**EXERCISE DIRECTIONS:**
Find the line with "2022年4月14日,湖州日报以《善谋大势育先机 主动求变开新局 ——写在437437必赢国际网址周年庆" in the entries below. Repeat it, every following line, and the line with "Fototapeta Folk art vector cat and bird.", exactly and with nothing added.
----- DATA TO USE
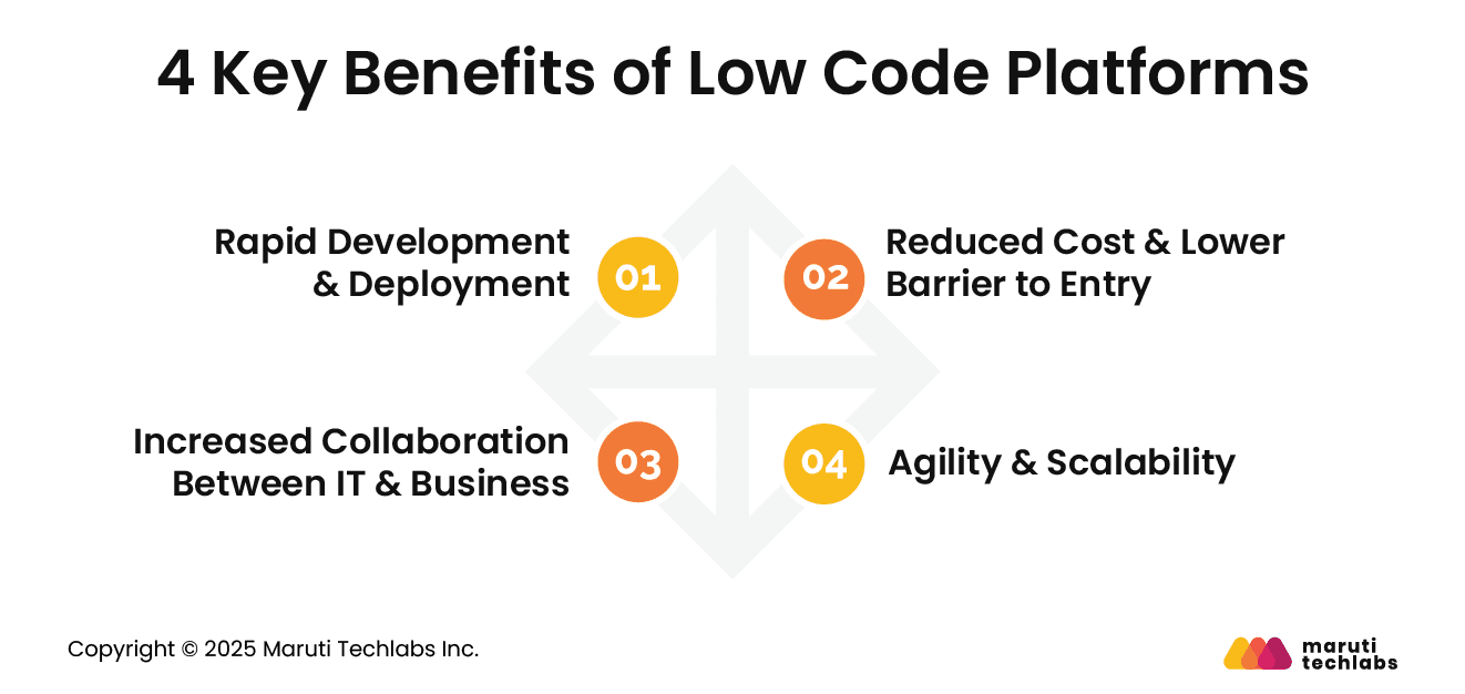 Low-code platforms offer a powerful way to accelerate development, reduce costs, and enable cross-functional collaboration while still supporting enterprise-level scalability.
----------
----- DATA TO USE
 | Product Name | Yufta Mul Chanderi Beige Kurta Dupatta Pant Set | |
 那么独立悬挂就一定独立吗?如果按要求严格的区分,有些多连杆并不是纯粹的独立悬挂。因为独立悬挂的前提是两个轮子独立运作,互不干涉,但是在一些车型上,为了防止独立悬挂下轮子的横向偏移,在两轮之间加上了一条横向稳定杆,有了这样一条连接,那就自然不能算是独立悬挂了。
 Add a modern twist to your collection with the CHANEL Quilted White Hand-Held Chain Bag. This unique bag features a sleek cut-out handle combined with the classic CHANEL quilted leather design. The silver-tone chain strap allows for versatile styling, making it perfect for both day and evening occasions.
----------
----- DATA TO USE
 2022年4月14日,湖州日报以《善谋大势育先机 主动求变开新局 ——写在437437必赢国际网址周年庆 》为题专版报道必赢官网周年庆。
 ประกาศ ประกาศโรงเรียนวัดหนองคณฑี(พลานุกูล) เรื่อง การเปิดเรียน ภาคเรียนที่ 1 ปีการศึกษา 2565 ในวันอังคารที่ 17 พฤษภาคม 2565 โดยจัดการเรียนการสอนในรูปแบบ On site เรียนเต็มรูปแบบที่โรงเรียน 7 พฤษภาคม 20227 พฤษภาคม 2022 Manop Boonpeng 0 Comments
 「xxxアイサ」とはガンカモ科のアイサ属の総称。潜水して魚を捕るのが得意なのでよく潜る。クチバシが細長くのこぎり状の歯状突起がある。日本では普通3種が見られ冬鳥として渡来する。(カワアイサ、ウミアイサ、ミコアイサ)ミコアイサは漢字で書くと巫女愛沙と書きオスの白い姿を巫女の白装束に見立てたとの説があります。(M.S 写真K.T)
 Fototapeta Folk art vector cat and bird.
----------
**OUTPUT FOR THIS EXERCISE:**
 2022年4月14日,湖州日报以《善谋大势育先机 主动求变开新局 ——写在437437必赢国际网址周年庆 》为题专版报道必赢官网周年庆。
 ประกาศ ประกาศโรงเรียนวัดหนองคณฑี(พลานุกูล) เรื่อง การเปิดเรียน ภาคเรียนที่ 1 ปีการศึกษา 2565 ในวันอังคารที่ 17 พฤษภาคม 2565 โดยจัดการเรียนการสอนในรูปแบบ On site เรียนเต็มรูปแบบที่โรงเรียน 7 พฤษภาคม 20227 พฤษภาคม 2022 Manop Boonpeng 0 Comments
 「xxxアイサ」とはガンカモ科のアイサ属の総称。潜水して魚を捕るのが得意なのでよく潜る。クチバシが細長くのこぎり状の歯状突起がある。日本では普通3種が見られ冬鳥として渡来する。(カワアイサ、ウミアイサ、ミコアイサ)ミコアイサは漢字で書くと巫女愛沙と書きオスの白い姿を巫女の白装束に見立てたとの説があります。(M.S 写真K.T)
 Fototapeta Folk art vector cat and bird.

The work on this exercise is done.